The debate over Iran’s nuclear programme heated up over the summer, with advocates for a military strike against Tehran at loggerheads with analysts calling for a diplomatic resolution. Unknown to many of them at the time, a computer virus, likely written by a government, was moving quickly around the globe, infecting specific computer systems at nuclear plants.
“An electronic war has been launched against Iran,” Mahmoud Liaii, a top official in Tehran, was quoted as saying in September, after the country confirmed the worm infected its systems.
By the time he reacted, a technology firm in Bulgaria had already exposed the existence of what became known as the Stuxnet virus and Siemens, the German company which made the targeted systems, was working on a fix.
Experts believe the virus was likely around since 2009, sliding under firewalls undetected.
Stuxnet alerted the world yet again to a recurring problem which was brought to the international forefront in 2000, when a virus with the enticing message, “I love you”, caused billions of dollars in damage around the world.
Two Philippine students, using equipment worth less than $1,000, were behind that attack and were later set free after authorities realised they had violated no law.
Since then, viruses have become subtler, faster, more aggressive and harder to trace, while the nascent rulebook is still weak.
“We are not looking at threats in a traditional sense. It is not business as usual,” said Alex Ntoko, who heads up the International Telecommunications Union’s (ITU) Corporate Strategy Division. “Any individual who can write code is a potential superpower.”
Consultants suggest that even the technological heavyweights have been lax in the cyber world.
Israel only recently began to limit its soldiers’ access to the web when they were on military computers – years after the first top-secret documents accidentally entered public online domain.
Earlier this year, Noah Shachtman, writing for the Progressive Policy Institute, noted that the Pentagon was looking to ban access from its computers to social media sites, seeing no other way to ensure confidentiality, even as it kept secret data flowing through unencrypted networks.
The US and Israel are the prime suspects in the Stuxnet virus. But they are not the only countries believed to be engaging in dirty programming wars.
China ran afoul of the US and its private sector behemoths, including Google, on various occasions in the last eight years, accused of numerous hacks. North Korea has been charged with trying to overload or disrupt Western networks.
And the Georgian parliament’s website was embarrassingly hacked in 2008, during the country’s brief and disastrous war with Russia.
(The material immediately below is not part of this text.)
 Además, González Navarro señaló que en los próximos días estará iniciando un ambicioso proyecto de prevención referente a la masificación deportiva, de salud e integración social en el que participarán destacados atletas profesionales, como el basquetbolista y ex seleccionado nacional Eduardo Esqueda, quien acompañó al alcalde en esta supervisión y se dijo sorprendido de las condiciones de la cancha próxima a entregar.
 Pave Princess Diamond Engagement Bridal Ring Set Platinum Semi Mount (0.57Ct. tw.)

“In Georgia, we saw a case that might have been an example of cyber war, but only because it occurred at time of declared war. But Georgia never followed it up as such,” said Eneken Tikk, the legal adviser to the CCD COE, a cyber research unit accredited to NATO.
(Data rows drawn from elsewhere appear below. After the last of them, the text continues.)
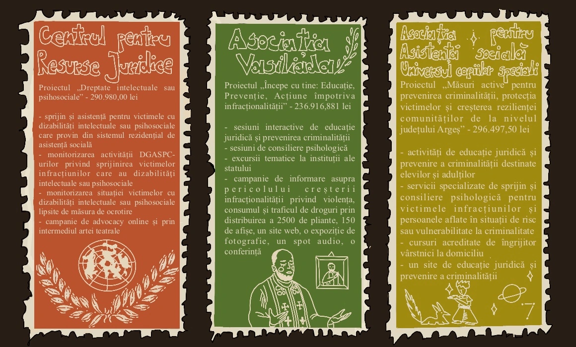 Cele trei organizații au propus proiecte pentru victimele cu dizabilități intelectuale sau psihosociale din centrele de îngrijire (CRJ), de educație juridică a copiilor din județul Craiova (Vasiliada), de prevenire a criminalității și protecția victimelor din județul Argeș (Universul copiilor speciali).
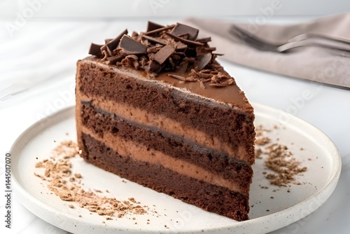 Decadent Triple-Layer Chocolate Cake Slice with Elegant Shavings
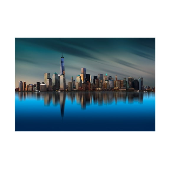 This ready to hang, gallery-wrapped Wall Décor Living Room Canvas by Trademark Fine Art features a vibrant blue cityscape with towering skyscrapers against the horizon. that'll look great in any bedroom, kitchen, bathroom, or apartment. Whether it's contemporary, rustic, modern, or traditional style wall décor, Trademark Fine Art offers a variety of high-quality, carefully built wall art that will surely complement any style with art themes that range from fascinating abstracts to breathtaking landscapes. Each bathroom wall art canvas is printed on durable cotton poly blended canvas using Giclee, a process for creating high-quality fine art reproductions that are nearly indistinguishable from the original piece. From the bedroom to the living room, or even the office, Trademark Fine Art makes professionally handcrafted, ready to hang wall décor that will be admired for years to come.
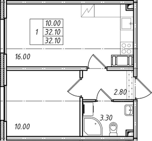 • Площадь32,1 м2
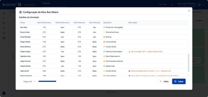 Detalhes da Simulação: O sistema gera uma tabela com dados fictícios para simular como os colaboradores cairiam nos quadrantes com base na sua régua. Ele inclusive exibe alertas caso uma nota caia exatamente na linha de corte, mostrando para onde a pessoa vai. Assim, você tem certeza de que a matemática está certa antes de salvar!
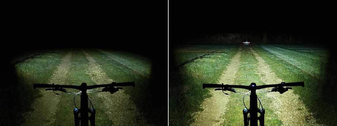 HelljusMatta av ljus, en bred och homogen ljusmatta direkt framför din cykel. Och när du slår på 1300 lumen, då får du ljus även långt framför dig. |
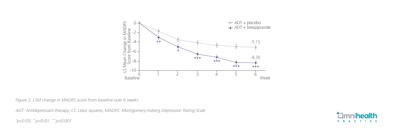 After an in-depth discussion with the patient, Dr. Li recognizes that she has a strong desire to resume her vocational functions. Thase ME, et al conducted a study in 2015 in which patients with inadequate response to 1-3 previous lines of ADT were randomized to receive brexpiprazole 2mg QD or a matching placebo on top of their ADT.8 They found a significant (p=0.0002) reduction in least squares (LS) mean change in Montgomery-Asberg Depression Rating Scale (MADRS) score by an additional 3.21 points at 6 weeks of treatment (figure 2).8
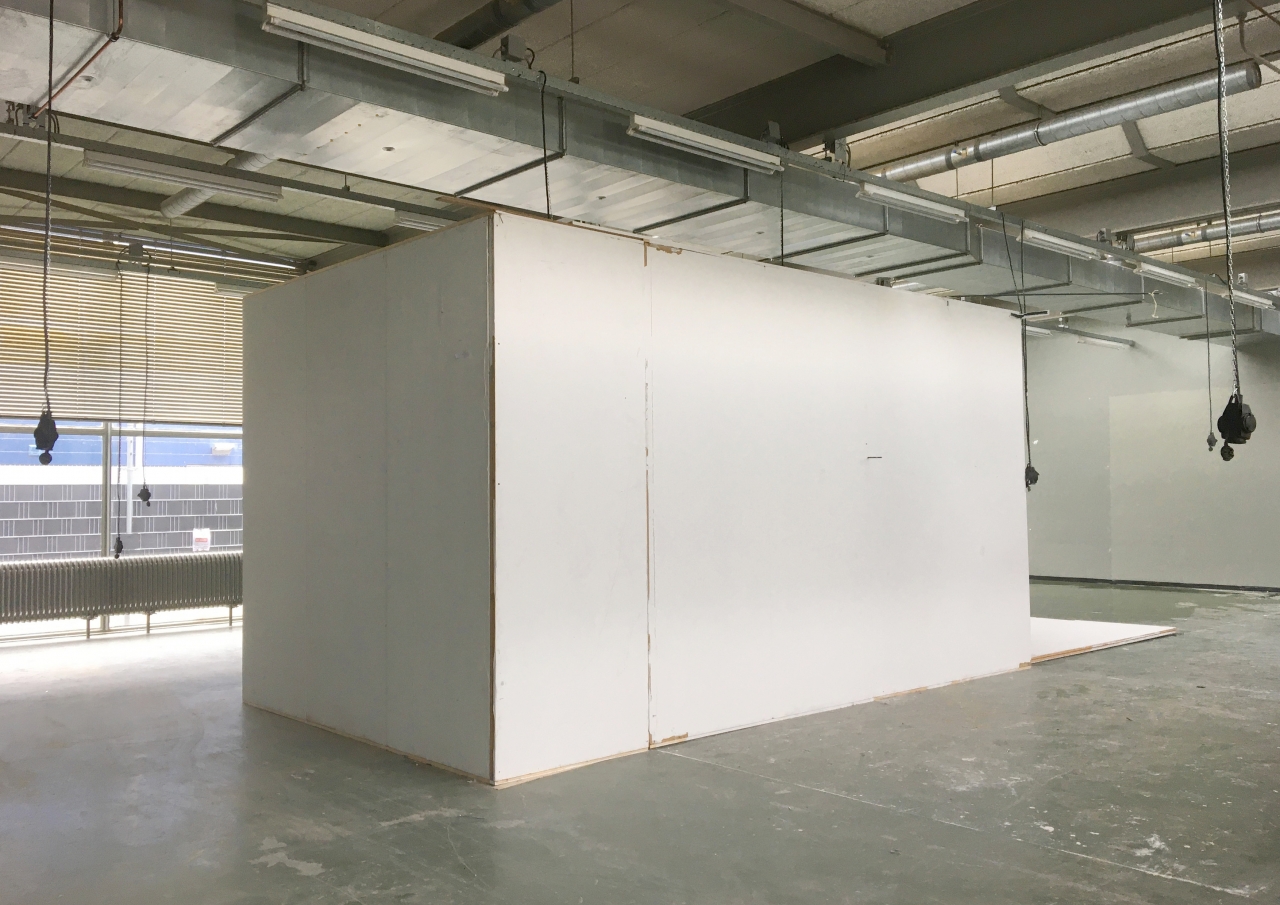 Anyway, before I knew about Parsons I also presented walls at the academy, although I never really painted one. I sometimes built them, prepared them to be painted, filled up holes that were left from previous presentations, cleaned them; made all the groundwork for painting, without the act of painting itself. My subject was often the given space, including its interior and facilities, which I choose to interfere with, by (re)placement or (re)presentation in order to frame and question it. Once I even sent a proposal to the Stedelijk Museum to paint one of their walls with their tools and materials, because when I was there before I saw it was dirty. (The proposal got denied, as the wall was already meant to be re-painted.) Later, during my final years at the academy, I started to examine and question the presence of a studio (or gallery). I was questioning my role within it, and their role in my artistic practice.

For now, though, cyber war and its legalities remain theoretical.
In 1863, modern warfare established its first rules. Over the years, new technologies were used on the battlefields and the agreements morphed into the generally accepted laws of war laid out in the Geneva Convention.
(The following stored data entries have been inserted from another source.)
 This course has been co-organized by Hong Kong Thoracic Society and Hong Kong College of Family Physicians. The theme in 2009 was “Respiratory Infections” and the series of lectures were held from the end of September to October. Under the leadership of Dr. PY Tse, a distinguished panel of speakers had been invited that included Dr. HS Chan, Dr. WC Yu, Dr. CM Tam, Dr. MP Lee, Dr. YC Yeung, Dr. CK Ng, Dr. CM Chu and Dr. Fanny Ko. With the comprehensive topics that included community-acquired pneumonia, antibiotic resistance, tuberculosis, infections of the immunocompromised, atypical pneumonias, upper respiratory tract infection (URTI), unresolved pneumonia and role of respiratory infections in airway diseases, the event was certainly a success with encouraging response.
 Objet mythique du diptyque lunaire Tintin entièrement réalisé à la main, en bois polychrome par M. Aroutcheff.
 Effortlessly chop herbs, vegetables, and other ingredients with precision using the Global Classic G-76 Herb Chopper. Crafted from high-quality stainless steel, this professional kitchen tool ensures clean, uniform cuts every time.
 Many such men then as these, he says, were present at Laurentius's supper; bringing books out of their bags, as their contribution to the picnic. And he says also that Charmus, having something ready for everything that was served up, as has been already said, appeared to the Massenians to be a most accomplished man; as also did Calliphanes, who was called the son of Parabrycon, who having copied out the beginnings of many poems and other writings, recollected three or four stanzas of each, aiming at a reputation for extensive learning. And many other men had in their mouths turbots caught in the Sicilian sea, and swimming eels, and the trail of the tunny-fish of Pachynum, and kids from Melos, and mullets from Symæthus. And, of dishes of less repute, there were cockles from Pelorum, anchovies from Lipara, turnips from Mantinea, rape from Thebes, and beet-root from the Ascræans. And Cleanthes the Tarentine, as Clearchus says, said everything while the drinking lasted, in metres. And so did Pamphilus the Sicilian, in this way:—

The International Committee of the Red Cross (ICRC) believes the rules were created by open-minded people.
“International humanitarian law applies to any new technology. It doesn’t matter that the technology was not dreamed of by the founders,” says Robin Geiss with the ICRC’s legal team.
Geiss recently attended the Bruges Colloquium in Belgium, where military specialists, lawyers and tech gurus gathered to discuss legislation on cyber-warfare, the military use of outer space, drones and automated weapons systems.
“We traditionally dealt with kinetic violence, meaning that we saw the damage right away. With cyber, it is more clandestine and may not be immediately visible,” he explained.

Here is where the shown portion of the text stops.